ASSIGNMENT = Only the lines below from the one containing "प्राविधिक मुल्याकंन सहितको" through the one containing "Start 7:15 bei" belong in the answer, repeated exactly and without pictures.

TASK INPUTS =
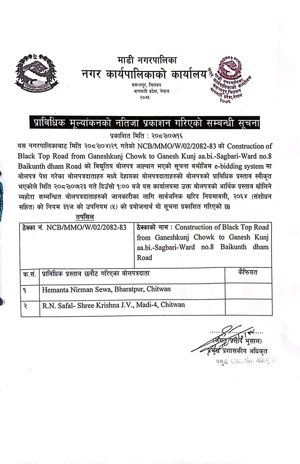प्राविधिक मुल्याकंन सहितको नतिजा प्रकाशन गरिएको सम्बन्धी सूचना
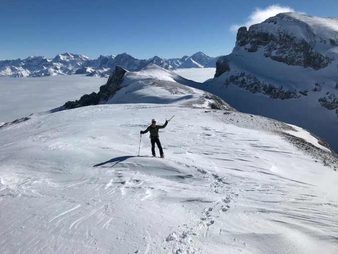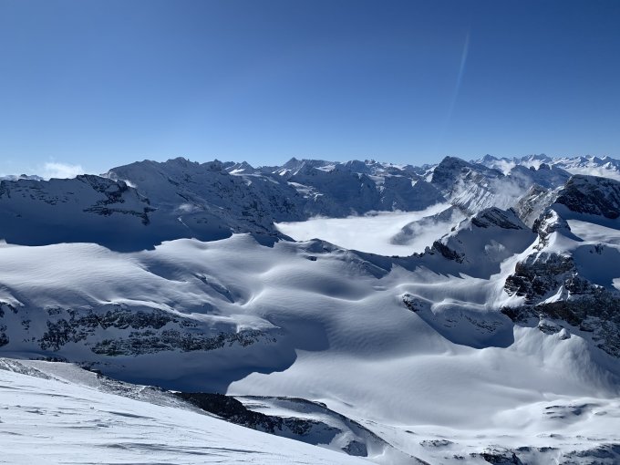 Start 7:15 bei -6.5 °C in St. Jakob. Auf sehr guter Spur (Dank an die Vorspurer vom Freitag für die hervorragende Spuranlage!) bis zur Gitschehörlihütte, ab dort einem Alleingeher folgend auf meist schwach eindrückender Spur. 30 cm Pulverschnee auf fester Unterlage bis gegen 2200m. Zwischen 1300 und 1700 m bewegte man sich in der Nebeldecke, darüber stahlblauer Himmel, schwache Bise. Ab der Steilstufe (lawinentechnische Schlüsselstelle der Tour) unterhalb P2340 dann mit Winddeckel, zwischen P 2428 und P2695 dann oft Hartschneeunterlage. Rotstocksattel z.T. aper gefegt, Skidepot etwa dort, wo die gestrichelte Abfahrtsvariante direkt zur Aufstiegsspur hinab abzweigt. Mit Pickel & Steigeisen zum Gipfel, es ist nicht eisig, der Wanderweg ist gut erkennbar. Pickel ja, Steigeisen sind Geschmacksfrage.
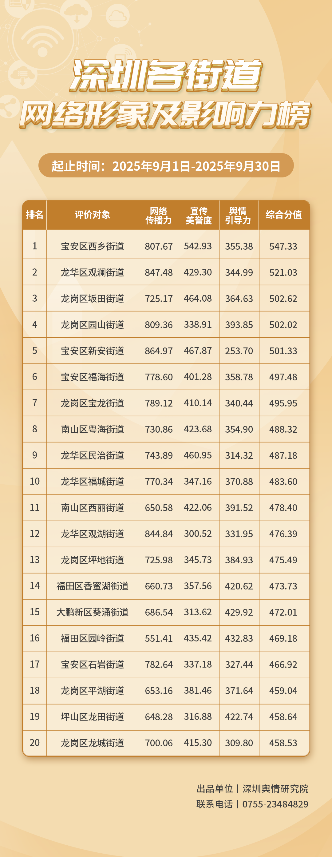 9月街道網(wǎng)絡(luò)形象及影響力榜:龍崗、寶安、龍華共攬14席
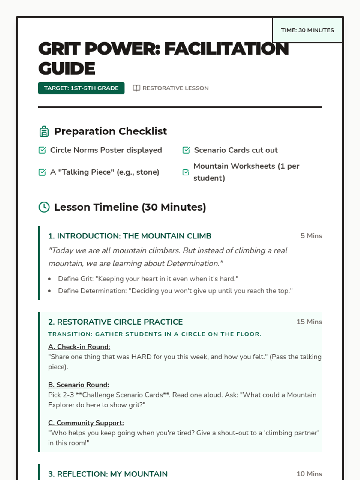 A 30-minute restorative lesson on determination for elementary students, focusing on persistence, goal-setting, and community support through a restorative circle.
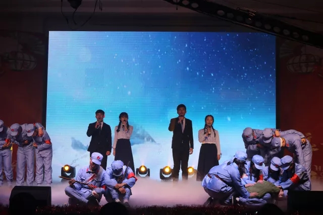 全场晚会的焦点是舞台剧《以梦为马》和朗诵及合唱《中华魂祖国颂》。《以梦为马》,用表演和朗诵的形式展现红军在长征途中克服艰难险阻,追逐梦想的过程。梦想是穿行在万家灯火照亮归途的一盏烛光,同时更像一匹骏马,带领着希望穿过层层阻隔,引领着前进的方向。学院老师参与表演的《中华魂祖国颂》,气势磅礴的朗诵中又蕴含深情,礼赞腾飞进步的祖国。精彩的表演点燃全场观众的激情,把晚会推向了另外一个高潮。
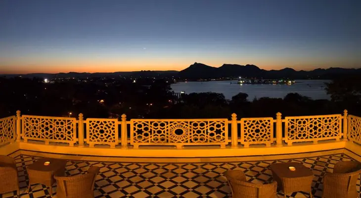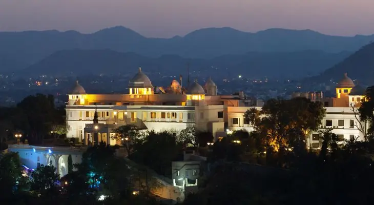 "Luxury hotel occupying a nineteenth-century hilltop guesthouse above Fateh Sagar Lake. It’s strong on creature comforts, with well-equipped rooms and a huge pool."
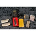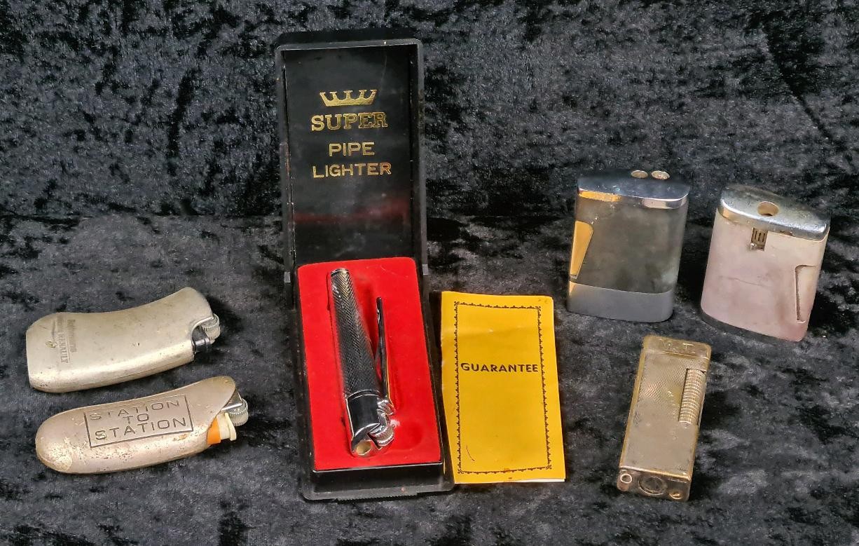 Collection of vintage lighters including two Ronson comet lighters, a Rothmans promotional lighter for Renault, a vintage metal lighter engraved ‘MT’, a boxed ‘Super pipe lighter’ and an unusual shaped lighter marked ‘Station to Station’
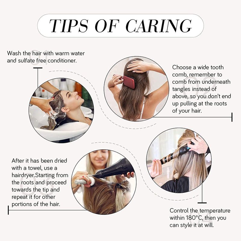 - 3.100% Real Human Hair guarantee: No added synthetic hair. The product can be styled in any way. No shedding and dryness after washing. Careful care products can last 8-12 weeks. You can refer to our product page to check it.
---
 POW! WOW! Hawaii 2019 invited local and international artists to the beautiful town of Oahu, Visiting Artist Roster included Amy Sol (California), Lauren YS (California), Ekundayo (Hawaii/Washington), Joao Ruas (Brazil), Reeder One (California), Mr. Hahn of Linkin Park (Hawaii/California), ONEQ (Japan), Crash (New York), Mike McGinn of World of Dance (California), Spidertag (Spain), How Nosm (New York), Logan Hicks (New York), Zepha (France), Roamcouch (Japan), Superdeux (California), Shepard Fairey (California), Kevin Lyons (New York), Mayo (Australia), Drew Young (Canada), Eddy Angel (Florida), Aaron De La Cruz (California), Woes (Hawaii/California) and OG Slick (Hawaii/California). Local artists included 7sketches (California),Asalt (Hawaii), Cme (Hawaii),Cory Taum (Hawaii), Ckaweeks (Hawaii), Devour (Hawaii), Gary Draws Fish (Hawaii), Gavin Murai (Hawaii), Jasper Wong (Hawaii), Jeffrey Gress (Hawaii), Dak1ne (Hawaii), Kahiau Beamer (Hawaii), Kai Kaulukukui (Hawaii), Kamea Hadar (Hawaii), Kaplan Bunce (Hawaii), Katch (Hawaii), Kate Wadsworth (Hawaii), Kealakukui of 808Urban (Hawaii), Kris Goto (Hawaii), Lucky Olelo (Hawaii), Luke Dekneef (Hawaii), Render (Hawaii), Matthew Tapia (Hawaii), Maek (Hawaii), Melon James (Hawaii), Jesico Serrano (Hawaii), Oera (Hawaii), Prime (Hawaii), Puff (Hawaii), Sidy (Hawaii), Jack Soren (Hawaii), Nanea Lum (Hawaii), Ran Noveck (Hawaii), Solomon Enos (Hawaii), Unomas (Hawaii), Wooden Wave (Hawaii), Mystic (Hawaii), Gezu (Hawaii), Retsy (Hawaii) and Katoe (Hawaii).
---
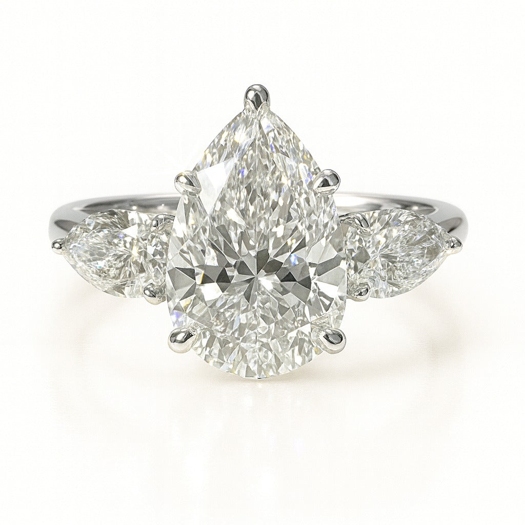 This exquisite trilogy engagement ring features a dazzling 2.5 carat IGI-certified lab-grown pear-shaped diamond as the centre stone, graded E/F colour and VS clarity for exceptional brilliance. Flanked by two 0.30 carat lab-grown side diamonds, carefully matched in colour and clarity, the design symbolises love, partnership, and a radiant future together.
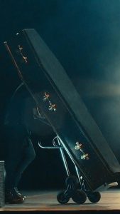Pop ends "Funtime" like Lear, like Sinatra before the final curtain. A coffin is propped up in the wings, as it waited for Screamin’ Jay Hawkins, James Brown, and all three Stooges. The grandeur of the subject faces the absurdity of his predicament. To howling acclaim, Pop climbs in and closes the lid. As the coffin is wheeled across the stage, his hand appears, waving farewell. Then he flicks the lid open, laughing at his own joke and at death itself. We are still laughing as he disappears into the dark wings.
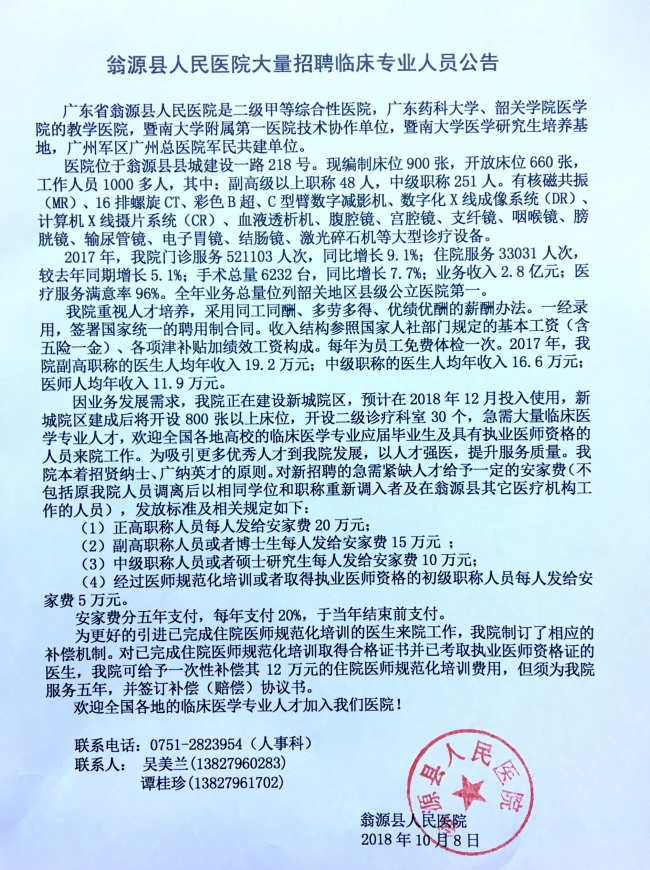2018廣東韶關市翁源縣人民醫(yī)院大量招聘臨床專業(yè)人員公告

WRITTEN REPLY =
प्राविधिक मुल्याकंन सहितको नतिजा प्रकाशन गरिएको सम्बन्धी सूचना
 Start 7:15 bei -6.5 °C in St. Jakob. Auf sehr guter Spur (Dank an die Vorspurer vom Freitag für die hervorragende Spuranlage!) bis zur Gitschehörlihütte, ab dort einem Alleingeher folgend auf meist schwach eindrückender Spur. 30 cm Pulverschnee auf fester Unterlage bis gegen 2200m. Zwischen 1300 und 1700 m bewegte man sich in der Nebeldecke, darüber stahlblauer Himmel, schwache Bise. Ab der Steilstufe (lawinentechnische Schlüsselstelle der Tour) unterhalb P2340 dann mit Winddeckel, zwischen P 2428 und P2695 dann oft Hartschneeunterlage. Rotstocksattel z.T. aper gefegt, Skidepot etwa dort, wo die gestrichelte Abfahrtsvariante direkt zur Aufstiegsspur hinab abzweigt. Mit Pickel & Steigeisen zum Gipfel, es ist nicht eisig, der Wanderweg ist gut erkennbar. Pickel ja, Steigeisen sind Geschmacksfrage.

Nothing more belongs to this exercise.